Since Leo appears to be in favor of Gabriel's redefinition of DecidableEq, the issue with LawfulBEq might disappear on its own in core lean4. In the mean time, perhaps Lawful* should be avoided in std4 unless the meaning is unambiguous? Does that sound like a reasonable conclusion?

Mario Carneiro (Oct 15 2022 at 05:53):

I think that still leaves open the question of what to call LawfulCmp though. I don't think SymmCmp is a good name because I don't think symmetry has the right connotation in this context, even though the axiom itself can be called a kind of symmetry. What about OrderedCmp, in the sense "comparator that induces an order"? Although if it is replaced with a theorem about an Ord implementation then OrderedOrd doesn't make a whole lot of sense.

François G. Dorais (Oct 15 2022 at 06:33):

How about OppCmp? (It might help to rename Ordering.swap to Ordering.opp at the same time.)

François G. Dorais (Oct 15 2022 at 06:39):

OrderedCmp doesn't make sense to me since the Condorcet pattern satisfies the axiom:

  | a | b | c |
a | = | < | > |
b | > | = | < |
c | < | > | = |

Gabriel Ebner (Oct 15 2022 at 06:40):

I think a key part in this confusion is the meaning of the word "order". From what I can tell, Mario doesn't regard transitivity as a key requirement for orders.

Gabriel Ebner (Oct 15 2022 at 06:41):

since the Condorcet pattern satisfies the axiom

Or for anybody who can't read diagrams: a < b and b < c but c < a.

Mario Carneiro (Oct 15 2022 at 06:58):

Gabriel Ebner said:

I think a key part in this confusion is the meaning of the word "order". From what I can tell, Mario doesn't regard transitivity as a key requirement for orders.
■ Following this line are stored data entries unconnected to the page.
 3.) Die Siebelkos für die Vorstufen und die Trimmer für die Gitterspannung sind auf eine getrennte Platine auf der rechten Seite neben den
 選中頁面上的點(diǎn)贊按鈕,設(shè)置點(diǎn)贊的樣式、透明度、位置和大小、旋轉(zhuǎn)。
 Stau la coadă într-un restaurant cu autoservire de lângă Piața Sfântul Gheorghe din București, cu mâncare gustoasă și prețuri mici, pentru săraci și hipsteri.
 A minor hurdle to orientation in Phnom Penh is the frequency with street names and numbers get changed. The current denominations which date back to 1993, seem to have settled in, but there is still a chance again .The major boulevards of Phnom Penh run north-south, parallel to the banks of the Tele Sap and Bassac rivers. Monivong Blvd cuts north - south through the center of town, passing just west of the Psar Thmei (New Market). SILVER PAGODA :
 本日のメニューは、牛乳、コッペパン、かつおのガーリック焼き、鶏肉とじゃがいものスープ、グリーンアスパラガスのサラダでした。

This is why I said the naming question is hard. It's just a relation. (Actually this one axiom is enough to at least prove that .eq is reflexive and .lt is irreflexive.)

Mario Carneiro (Oct 15 2022 at 06:58):

but it does have orderish names like .lt as a result of its return type

François G. Dorais (Oct 15 2022 at 07:07):

This is called a complete simple directed graph, or a tournament, but that's irrelevant. I have no good suggestion. Maybe ProperCmp? It has the same issue as LawfulCmp but at least there are no other uses of Proper* as far as I know.
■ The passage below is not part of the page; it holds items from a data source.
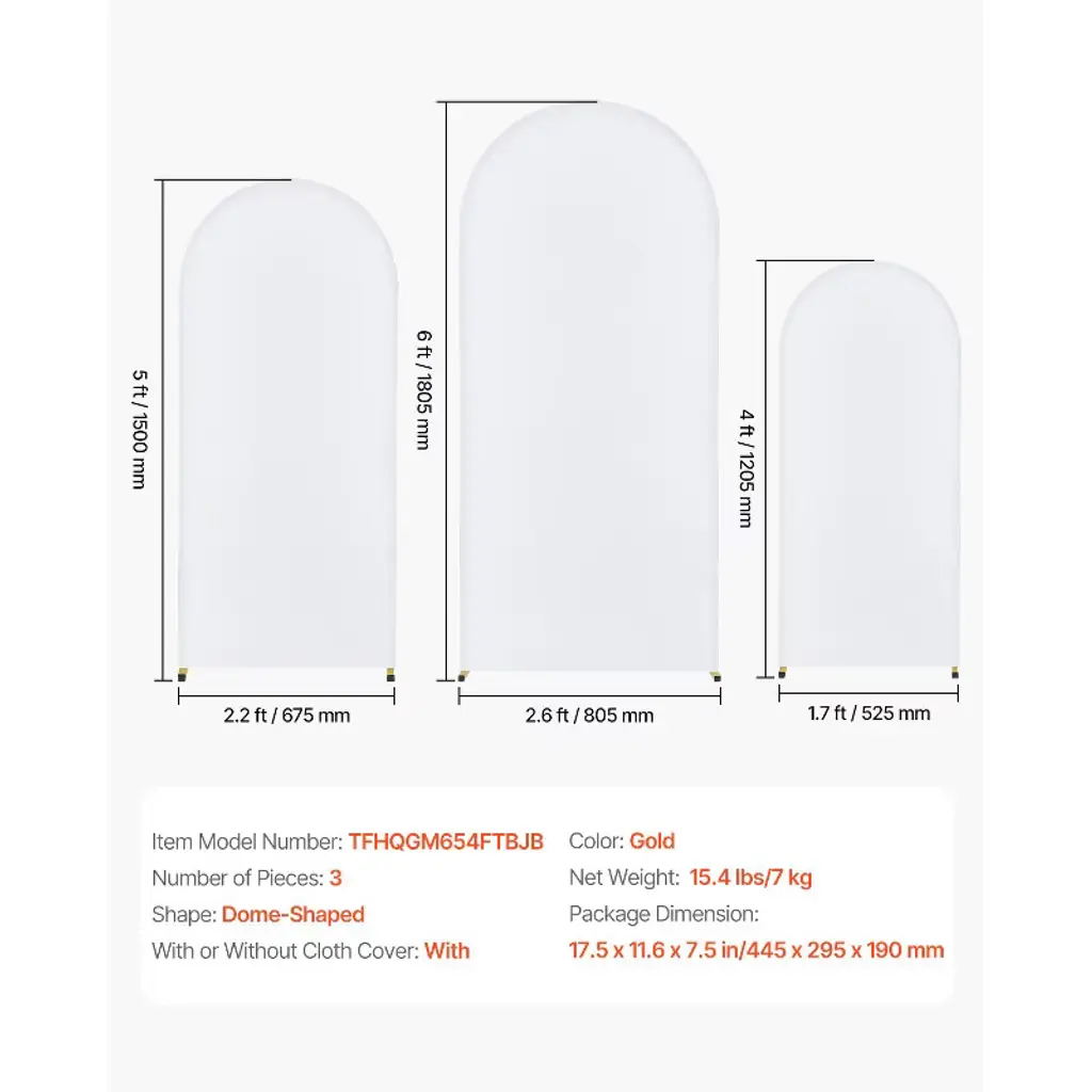 Feature: Elegant Design: This wedding arch backdrop stand includes 3 gold arch frames in sizes 6 x 2.6 ft, 5 x 2.2 and 4 x 1.7 ft, creating a romantic and elegant atmosphere for weddings while serving as a popular backdrop for guest photos. Easy Installation: Enjoy our easy-to-install process. Each part of this wedding arch backdrop stand is labeled with corresponding numbers that match the instruction manual, making assembly simple and stress-free. High-Quality Material: Made from durable metal with upgraded 18 x 18 mm profiles, this wedding arch backdrop stand ensures stability and long-term use, suitable for both indoor and outdoor environments. Enhanced Stability: The wedding arch backdrop stand’s base features a cross-bar design that reinforces the structure, providing solid support to keep the arch secure during wedding events. Say goodbye to shake stand! Versatile Use: With the addition of decorative elements, this wedding arch backdrop stand can enhance the visual appeal of various occasions beyond weddings, such as parties, celebrations, and grand openings. Package Content: 1 x Wedding Arch Backdrop Stand 1 x User Manual 6 x 25 mm Screws M6 1 x M6 Wrench 33 x 10 mm Screws M6 12 x Windbreak Piles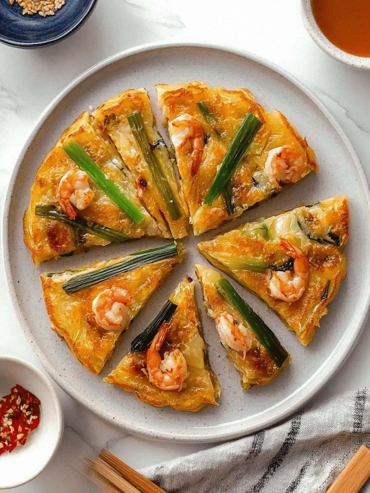 Picture yourself pulling a stack of golden pancakes from the pan, steam curling like a soft cloud, the aroma of sesame oil and chili dancing in the air. Imagine the crunch as you bite into the crisp edge, the tender shrimp inside giving way to a burst of savory flavor. The contrast of textures is like a perfectly timed dance between fire and water, a harmony that’s hard to resist. I dare you to taste this and not go back for seconds. Let me walk you through every single step — by the end, you'll wonder how you ever made it any other way.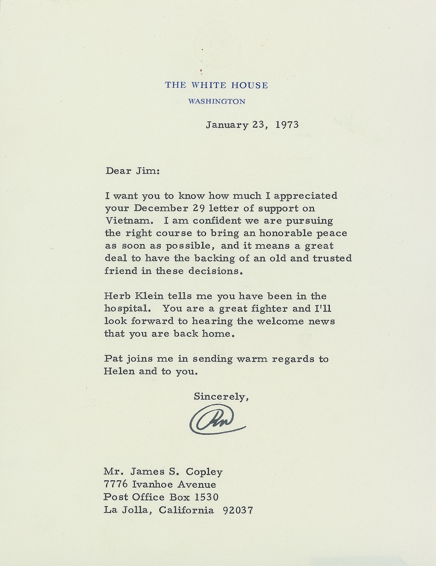TLS as president signed "RN," one page, 6.75 x 8.75, White House letterhead, January 23, 1973. Letter to James S. Copley, chairman of Copley Newspapers, in full: "I want you to know how much I appreciated your December 29 letter of support on Vietnam. I am confident we are pursuing the right course to bring an honorable peace as soon as possible, and it means a great deal to have the backing of an old and trusted friend in these decisions. Herb Klein tells me you have been in the hospital. You are a great fighter and I'll look forward to hearing the welcome news that you are back at home. Pat joins me in sending regards to Helen and you." In very fine condition. Accompanied by the original mailing envelope.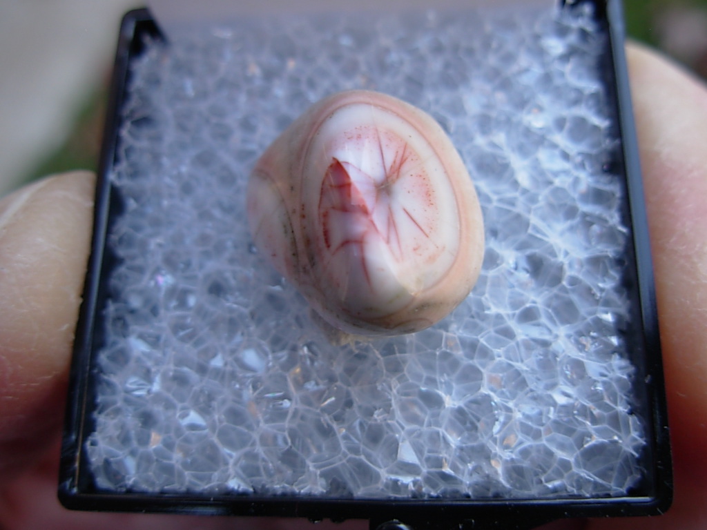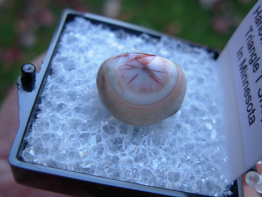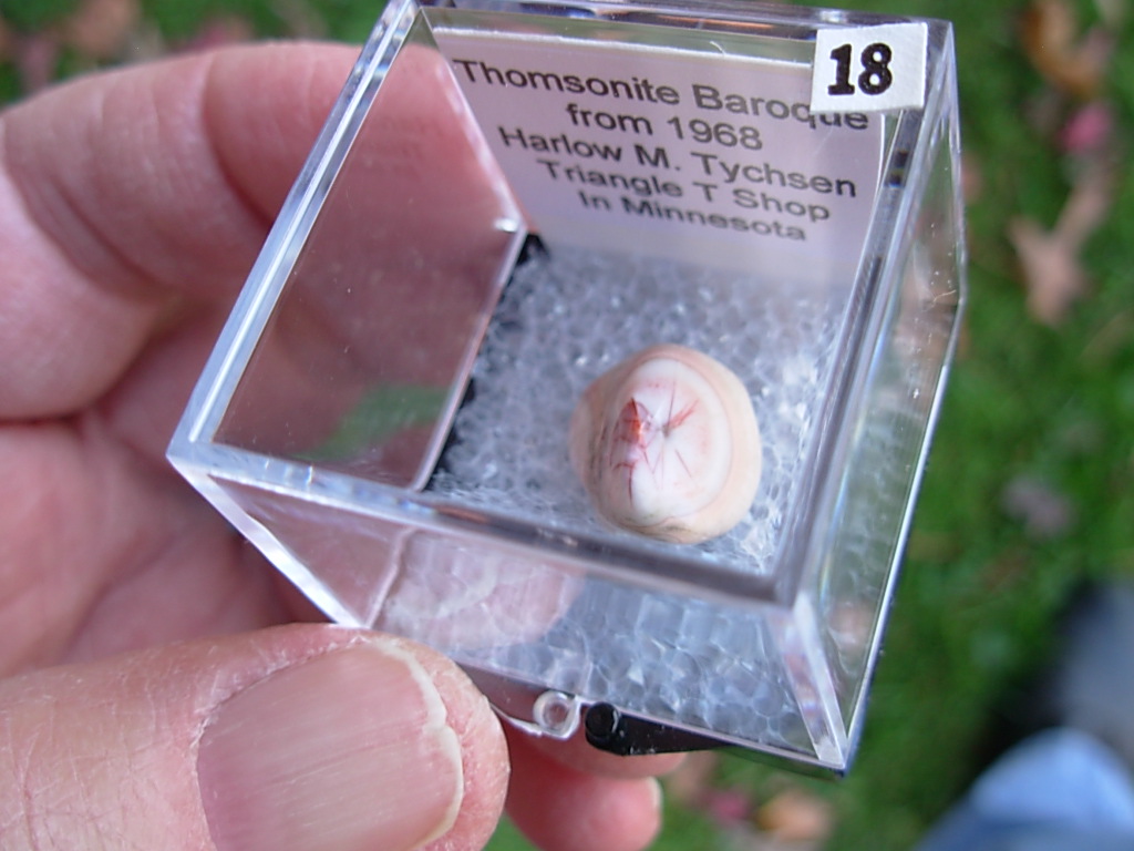 Minnesota Thomsonite is a RARE zeolite mineral found only at the Lake Superior shoreline SW of Grand Marais. This specimen is from Harlow Tyschen’s Triangle T Thomsonite Shop in 1968. He owned this locale from 1942 to 1974. This piece has not been available for over 57 years. It came from the John J Newton collection.

François G. Dorais (Oct 15 2022 at 07:08):

What about DirectedCmp?

François G. Dorais (Oct 15 2022 at 07:14):

To me, that suggests that every comparison has only one direction.

Mario Carneiro (Oct 15 2022 at 07:41):

Unfortunately Directed already has a meaning in order theory and it's not what we want

Mario Carneiro (Oct 15 2022 at 07:44):

What about OrientedCmp? Kind of similar connotation but the nearest math word is not used in order theory

François G. Dorais (Oct 15 2022 at 07:58):

OrientedCmp sounds great to me!

Do you mean Directed in the sense that any two elements have an upper bound? I don't think that confusion would occur in this case since any preorder arising from a comparison function must be total, so any subset is automatically directed.